“Journalism is a public good and it deserves public support.” (Photo: Philippine Star)

Trolls are a threat to free press, journalists are ‘antidote’ to health crisis

By Ysh Cabana

The working conditions for journalists around the world are already hit during the coronavirus pandemic, dictatorial regimes including the Philippine President Rodrigo Duterte make it harder by using troll armies to amplify and weaponize disinformation on social media, says groups.

The report comes from the 2020 World Press Freedom Index published by the Reporters Without Borders (RSF), a Paris-based press freedom watchdog.

RSF cites “call center hubs” disseminating fake or maliciously edited content, and fake memes, conducting targeted harassment campaign in the Philippines as among the 20 “Worst Digital Predators of Press Freedom” this year.

“They have even gone so far as to denounce an imaginary conspiracy by various media outlets to overthrow the President,” it reported.

It ranked the Philippines two places lower at 136th this year from last year’s 134th place in the press freedom index, which ranks 180 countries and regions according to the level of freedom available to journalists.

Published annually by RSF since 2002, the World Press Freedom Index assesses factors such as media independence, self-censorship, the legal framework and transparency based on a questionnaire filled out by experts.

RSF said that the novel coronavirus is being used by authoritarian governments to implement “shock doctrine” measures that would be impossible in normal times.

Canadian author Naomi Klein discusses this in her 2007 book The Shock Doctrine: “the political strategy of using large-scale crises to push through policies that systematically deepen inequality, enrich elites, and undercut everyone else”.

Meanwhile, UN Secretary-General António Guterres has called for greater protection of journalists who are providing the “antidote” amid harmful health advice and conspiracy theories that have accompanied the spread of COVID-19.

“As the pandemic spreads, it has also given rise to a second pandemic of misinformation, from harmful health advice to wild conspiracy theories,” he said.

He made the appeal in a video message for World Press Freedom Day on May 3. He underscored the crucial role media has in helping people make informed decisions.

Under the current circumstances, those decisions can make the difference between life and death, Guterres added.

“The press provides the antidote: verified, scientific, fact-based news and analysis,” the UN secretary-general said.

While “fake news” spread like a pandemic, media profession comes with risks. Recent survey from the International Federation of Journalists (IFJ) says three in four journalists have faced official restrictions, obstruction or intimidation in reporting on COVID-19.

More than 1300 frontline reporters or journalists in 77 countries answered questions from the IFJ. Two-thirds of those questioned said they have experienced worsening working conditions, including decreased pay and job losses.
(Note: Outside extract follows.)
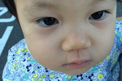口ー鼻にかけて丸い型が付いています。なんだか分かりますか?
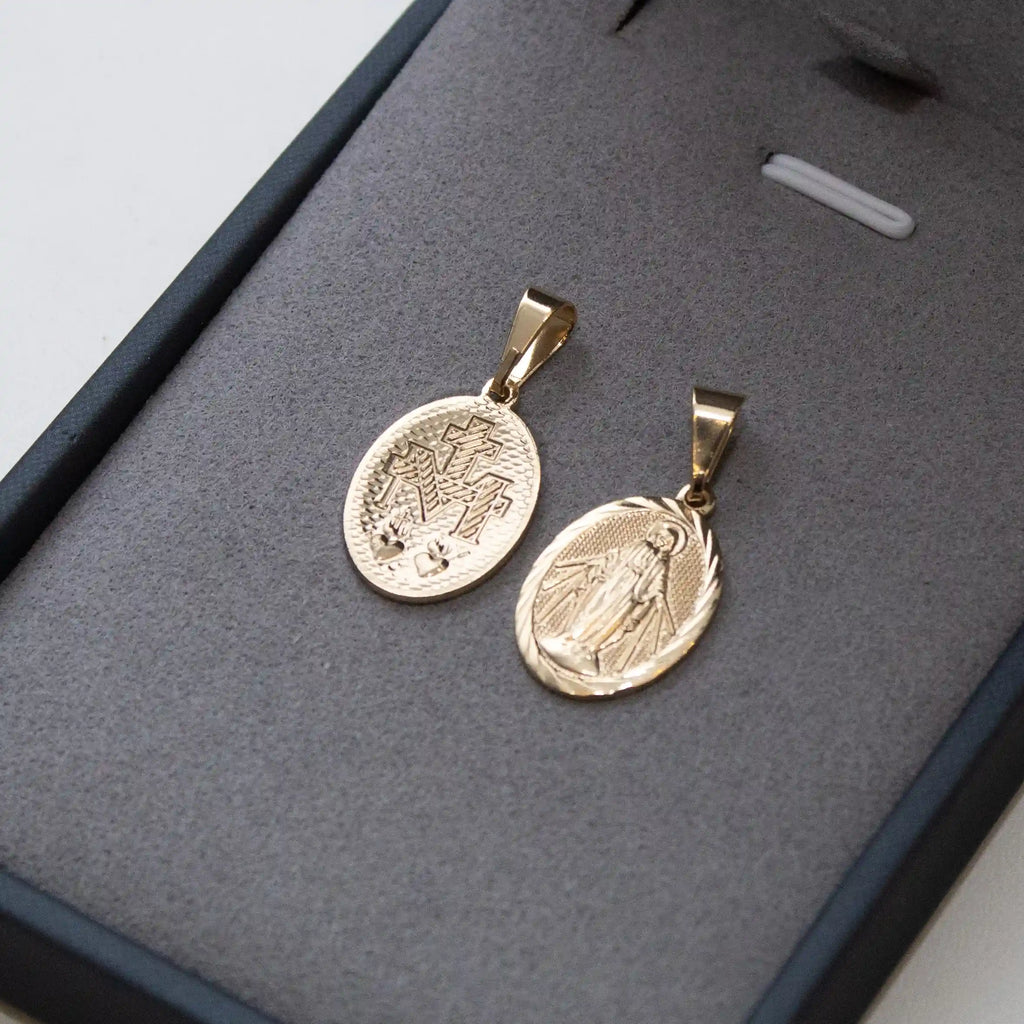 Deixe-se encantar pela beleza e sofisticação do Pingente Nossa Senhora das Graças Banhado a Ouro 18k. Sua delicadeza e elegância, banhadas em ouro 18k, trazem a proteção e as bênçãos da Nossa Senhora das Graças para o seu dia a dia. Aproveite a sua fé com um toque de luxo e exclusividade.

The IFJ report also noted that reporters have been arrested or faced legal action since the virus began to spread. Many criticized restrictions on free movement or on asking questions during press conferences.

In the Philippines, four community journalists and three other media volunteers were among the more than 40 persons arrested by the local police on May 1. Members of the National Union of Journalists of the Philippines were continued to be “red-tagged” by government agencies and officials, accused, without any proof, of supposedly being a “legal front” of the communist rebel movement.

Anthony Bellanger, IFJ general secretary said it is a worrisome problem, “These results show a worrying trend of declining media freedom and cuts to journalism at the very time when access to information and quality journalism is so crucial.”

“Journalism is a public good and it deserves public support.”